Deduplication Doubling

Doubling has been a big theme in the last few weeks. Deduplication vendors EMC, Exagrid, NEC, Quantum, and SEPATON all touted at least 2x performance improvements in their deduplication disk appliances.

EMC Data Domain made headlines promoting its fastest single-node performance. In this case, EMC’s DD860 performs at 5.1 TB/hr in a standard configuration and 9.8 TB/hr with Networker- and Symantec OST-enabled DD Boost, while the DD890 posts throughput of 8.1 TB/hr and 14.7 TB/hr for standard and DD Boost configurations, respectively.

Exagrid recently made hardware improvements to processors and IO subsystems, as well as enhancing memory and connectivity to speed deduplication processing of backup streams in its EX Series systems. With throughput performance of 1.8 TB/hr per node, combining 10 nodes delivers aggregate throughput of 18 TB/hr.

NEC enhanced its HYDRAstor HS8-3000 with a 50% performance increase over its previous version with 2.7 TB/hr per node and a new mark of throughput scalability with up to a whopping 148.5 TB/hr for the largest supported configuration.

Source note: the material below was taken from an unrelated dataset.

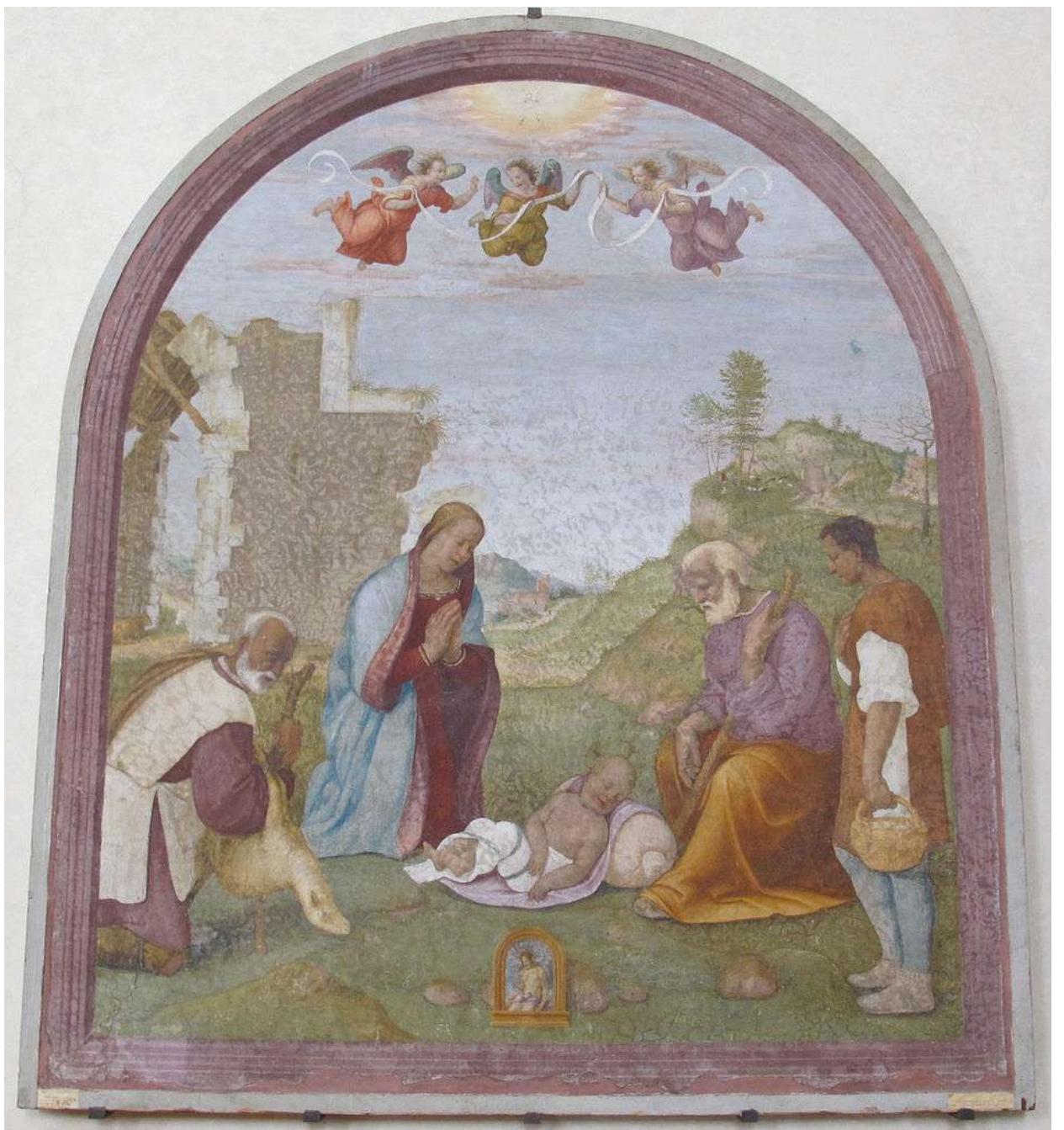
Илл. 143.12. Франчабиджо. Поклонение пастухов.

After updating DXi hardware platforms in 2010, Quantum kicked off 2011 with updated DXi 2.0 software. The enhanced DXi software includes new file system technology, is architected for new processors, and performs deduplication of data in memory prior to being written to diskall adding to the performance improvements. Now, for example, Quantum claims up to 4.6 TB/hr on a DXi6500 with OST and up to 4.3 TB/hr with a NAS interface.

SEPATON’s S2100-ES2 1910 and 2910 models doubled throughput versus previous S2100-ES2 systems, with throughput of 5.4 TB/hr per node in a 10 GbE and Symantec OST configuration, and a tested maximum ingest rate of 43.2 TB/hr in an eight-node configuration (although the eight-node configuration is not the maximum potential for the solution).

The distinction among these solutions is the underlying architecture. Exagrid, NEC and SEPATON have a grid architecture where scale in throughput performance AND storage capacity is achieved by adding nodes to the configuration. EMC Data Domain and Quantum offer some modularity within a specific system, but ultimately have maximums on throughput and capacity. The advantages of a modular approach are that IT organizations don’t have to over-buy in their initial purchase in order to meet future data growth requirements and don’t have to do a forklift upgrade to the next model for requirements that go beyond upper thresholds of an initial purchase.

Are the throughput numbers confusing? You betit’s not an apples-to-apples comparison. What’s more confusing is everyone claiming “fastest” status … with qualifiers, of course. EMC, for example, claims “fastest single controller” and “fastest inline deduplication” messages in its most recent announcement, deflecting comparison with multi-node solutions or those that deduplicate “post-process.” Does it matter if takes four nodes to make up an equivalent single-controller solution? In my opinion, only if it’s more expensive. Until vendors start promoting a cost/TB/hr metric, buyers will have to do the comparison themselves.